What an Onchain Hack Actually Costs

Immunefi's study of onchain hack damage across 488 incidents from 2021 to 2023, covering theft, market impact, dependency effects, and organizational cost.

What an Onchain Hack Actually Costs

An Immunefi research report quantifying the full damage of an onchain hack across funds stolen, market impact, dependency effects, and organizational cost, based on 488 publicly known incidents from 2021 through 2023.


Key findings

  • The average hack across 2021-2023 resulted in $16,000,824 USD stolen. The median was $1,000,000, with the largest events running roughly a hundred times the median, the signature of a power-law distribution.
  • The median hacked token fell 53% over six months post-hack, with declines worsening over time rather than easing. 77.8% of hacked tokens showed sustained price suppression at the six-month mark.
  • Dependency effects can be catastrophic. The Terra-Luna collapse erased $40B in Luna equity, $1B in outstanding UST, and another $1.5B in Anchor Protocol equity, alongside the rest of the Terra ecosystem, which sits 99% down and effectively defunct.
  • Hacked projects lose roughly 3 months of forward momentum, including remedial security work, leadership turnover, and roadmap slippage. KyberSwap's $49M exploit forced a 50% workforce reduction.
  • The Amador Hack Impact Estimate, version 1: expect $16M in direct theft, a 52% six-month token decline, indefinite price suppression for most projects, and three months of organizational damage.

Why net value stolen understates the damage

How much does an onchain hack actually cost?

Until now, the question has not been answered with any rigor, despite crypto absorbing hundreds of hacks across the past few years.
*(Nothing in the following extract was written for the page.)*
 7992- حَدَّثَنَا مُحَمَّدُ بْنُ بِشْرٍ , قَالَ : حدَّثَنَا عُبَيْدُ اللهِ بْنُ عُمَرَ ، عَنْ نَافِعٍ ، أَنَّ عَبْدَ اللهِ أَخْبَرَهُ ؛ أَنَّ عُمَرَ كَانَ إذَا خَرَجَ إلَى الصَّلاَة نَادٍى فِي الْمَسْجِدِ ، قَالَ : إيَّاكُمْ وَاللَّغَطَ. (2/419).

Most public reporting reduces the damage to a single figure: net value stolen. That number is publishable, easy to cite, and dramatically incomplete.
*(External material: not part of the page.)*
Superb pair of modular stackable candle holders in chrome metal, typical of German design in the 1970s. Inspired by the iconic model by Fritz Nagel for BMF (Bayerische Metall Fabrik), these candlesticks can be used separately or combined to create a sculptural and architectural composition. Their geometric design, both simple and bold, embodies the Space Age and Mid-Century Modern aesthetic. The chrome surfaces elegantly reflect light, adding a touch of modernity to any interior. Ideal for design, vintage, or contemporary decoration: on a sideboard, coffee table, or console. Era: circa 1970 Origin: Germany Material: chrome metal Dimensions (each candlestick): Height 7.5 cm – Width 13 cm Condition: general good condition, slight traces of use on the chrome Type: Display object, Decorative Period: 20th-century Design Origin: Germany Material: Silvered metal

The reality is that net value stolen, the standard headline figure cited after every exploit, materially undercounts the true damage. It captures only one of several ways hacks destroy value, and several of the missing categories are individually larger than the headline theft. The most under-recognized contributors to total hack damage among non-security practitioners:

  • Market impact: the damage to publicly traded token (or hypothetically equity) prices triggered by a hack, often persisting well past the incident itself. This component is far less discussed than initial theft figures, and even practiced security teams tend to under-weight it.
  • Dependency impacts: second-order damage to other assets and systems caused by the original event. There are three subcategories. Platform dependency is when the underlying blockchain or core infrastructure fails in a way that compromises everything built on it. Financial dependency is the cascading impact on assets linked to the hacked one, the way Luna's price collapse vaporized the Terra stablecoin. Reputational impact is the long-tail drag on user growth and adoption that follows a perceived loss of security at the ecosystem level, as has been observed on BNB Chain.
  • Talent and organizational impact: the harder-to-measure damage that takes the form of lost time, lost personnel, and lost roadmap progress during the post-hack response and recovery period. For a small startup team, the months absorbed by recovery alone are always expensive and sometimes terminal.

In short: the typical hack does significantly more damage than the headline theft number suggests.

The sections that follow estimate each impact category for the average hack, using historical medians where the data supports it, or experience-informed estimates where it doesn't.

Impact from funds stolen

The dataset covers 107 hacks in 2021, 134 in 2022, and 247 in 2023, for a total of 488 publicly known incidents from 2021 through 2023.

x-axis: year. y-axis: number of hacks.

These incidents affected $2,334,863,067 USD in 2021, $3,773,906,837 in 2022, and $1,699,632,321 in 2023, totaling $7,808,402,225 in funds impacted across the three-year window.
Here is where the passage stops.